Heavy snow and high winds are expected to pound areas from New England to North Carolina beginning Friday evening. Blizzard Warnings have been expanded Friday and now include nearly 9 million people as of 10 a.m. Eastern.
In Massachusetts, the shopping carts are in motion at grocery stores across the state in preparation for the potentially historic storm, Boston 25 News reports. Several shoppers said they believe their buying habits formed during the pandemic have caused some to stock up on more than they actually need.

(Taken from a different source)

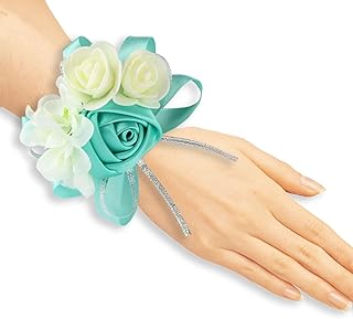 Zilue ウェディングガール ブライズメイド リストコサージュ 手 フラワーパーティー プロム アクセサリー ティファニーブルー 4個パック

"I like to be safe rather than sorry, but I don’t like hoarding," Barry Schonwetter said. "I see a lot of people who come in and grab, grab, grab and take everything, and I don’t like that!"
However, some who have waited until the last minute are finding empty shelves.
"They’re stocking up so much where they’re not letting the other people grab the essentials they need because they’re so overwhelmed, and the panic button is on play mode," a shopper named Carlos told Boston 25.
Coastal communities are also bracing for anticipated high winds and flooding.
Jim Slane has been a Plum Island, Massachusetts, resident for 23 years and knows a thing or two about floods in the area.
Newburyport Mayor Sean Reardon said he plans to finalize storm preparations Friday morning ahead of Saturday’s nor’easter.
"We have already shut off utilities at two homes on the island in preparation for the storm and built up the sand around the stone structure, constructed in October along with the coir bags," Reardon said.
Drivers in multiple states have been asked people to stay at home and give snow plow drivers the time to clear the roads.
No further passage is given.